Проза на русском языке
Категория от 14 до 17 лет
Диптих

Покой

Где-то не доходя до середины двадцатого века, в обычном городе псевдосоциалистического государства, где и ветер дул, и птицы пели по утрам, жила совершенно обычная семья.

И радости не занимать было у этих четырёх людей: жили, как все, ведь в государстве всё и у всех поровну, и на работу ходили, и росло в утробе матери чадо, то и дело толкавшееся и брыкающееся, уже показывая боевой характер и нрав. Оно и понятно было.

Отцом чада был усатый крепкий дядька, полностью являющий образ самой настоящей серьёзности, как казалось всем знакомым и товарищам, имевшим с ним дела рабочие или личные.

Усы у него порой закручивались в смешную спираль, отчего молодая жена его хохотала звонко, даже иногда подпрыгивая на месте, и ребёнок в её животе подпрыгивал вместе с ней, перенимая и впитывая в себя черты характера своей матери.

Её муж, конечно, хмурил брови, как полагается настоящему дядьке, но затем расплывался в широкой улыбке, прикрытой усами-спиральками. Глаза его открывали свой свет, показываясь из-под густых тёмных бровей.

Продолжалось это долго: они жили, окутанные любовью и весёлым смехом, дождались появления на свет своей дочери. И назвали они её Марьей.

Стояли около колыбели, носились с пелёнками и часто проводили время за разговорами о том, как же построится жизнь в будущем. Жизнь Марьюшки, их жизнь.
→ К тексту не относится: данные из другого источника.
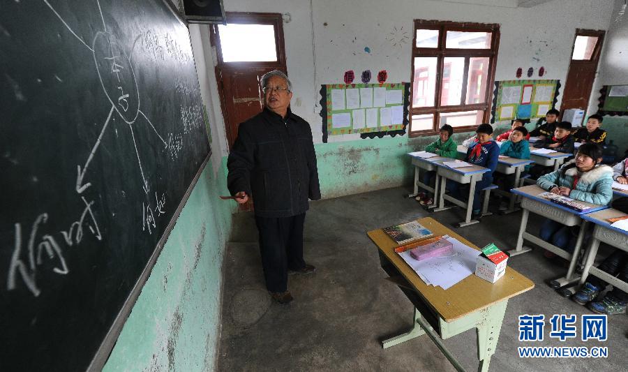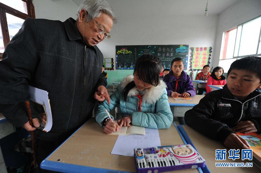 在贵州省遵义市遵义县龙坪镇中心村小学,朱敏才在给学生上课(3月20日摄)。
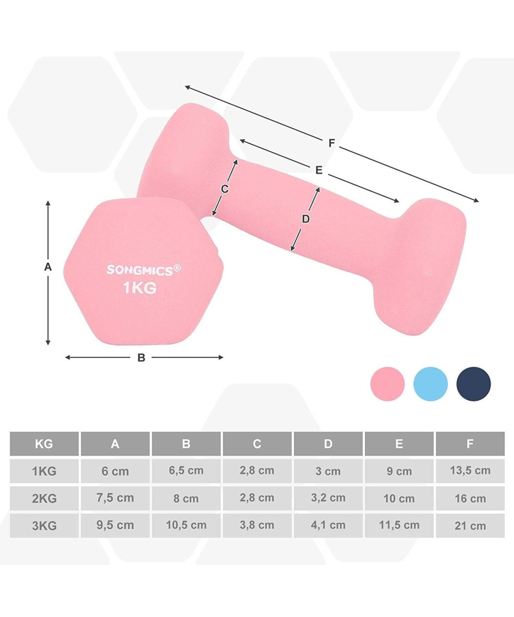 SONGMICS Set d’haltères, 3 Paires, 2x1 kg 2x2 kg 2x3 kg
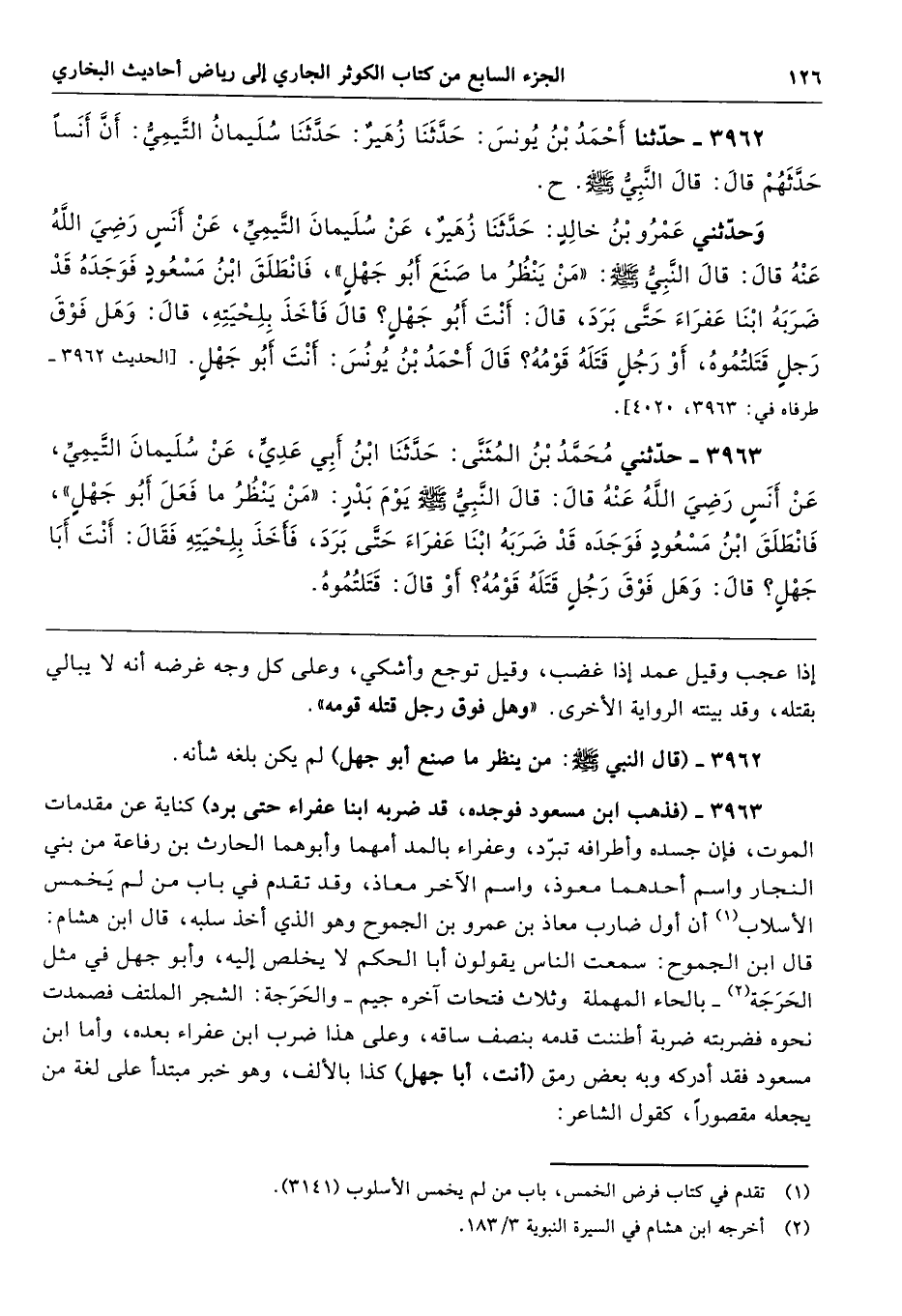 3962 - حَدَّثَنَا أَحْمَدُ بْنُ يُونُسَ حَدَّثَنَا زُهَيْرٌ حَدَّثَنَا سُلَيْمَانُ التَّيْمِىُّ أَنَّ أَنَسًا حَدَّثَهُمْ قَالَ قَالَ النَّبِىُّ - صلى الله عليه وسلم - ح وَحَدَّثَنِى عَمْرُو بْنُ خَالِدٍ حَدَّثَنَا زُهَيْرٌ عَنْ سُلَيْمَانَ التَّيْمِىِّ عَنْ أَنَسٍ - رضى الله عنه - قَالَ قَالَ النَّبِىُّ - صلى الله عليه وسلم - «مَنْ يَنْظُرُ مَا صَنَعَ أَبُو جَهْلٍ» فَانْطَلَقَ ابْنُ مَسْعُودٍ، فَوَجَدَهُ قَدْ ضَرَبَهُ ابْنَا عَفْرَاءَ حَتَّى بَرَدَ قَالَ آأَنْتَ أَبُو جَهْلٍ قَالَ فَأَخَذَ بِلِحْيَتِهِ. قَالَ وَهَلْ فَوْقَ رَجُلٍ قَتَلْتُمُوهُ أَوْ رَجُلٍ قَتَلَهُ قَوْمُهُ قَالَ أَحْمَدُ بْنُ يُونُسَ أَنْتَ أَبُو جَهْلٍ. طرفاه 3963، 4020

Как будут они выбирать ей новые платьица, как отец будет расчёсывать её волосы и неумело приделывать бант на макушку. Когда она чуть подрастёт, будут вместе бок-о-бок идти вдоль жизни также радостно, как и сейчас. И в глазах уже троих горел свет, разгораясь день за днём всё сильнее.

Вздрогнула земля однажды от гула голоса диктора. Улицы задребезжали в рассвете. Но это знамение было принято не всеми. Кто-то не придавал значения, кто-то мог не верить и не брать даже бритвенного станка в длинный путь, казавшийся тогда непременно самым коротким и простым.

А судьба неслась напролом, разрезая воздух с силой и гружёным поездом по чугунным рельсам накатывала на мир. Накатывала и железными гусеницами, и гремящими бараками, и грудами рассыпающихся зданий…

Но с самым большим звериным рёвом и грохотом рассыпались люди. А нити, связывавшие их, как казалось, так крепко, оказались паутиной.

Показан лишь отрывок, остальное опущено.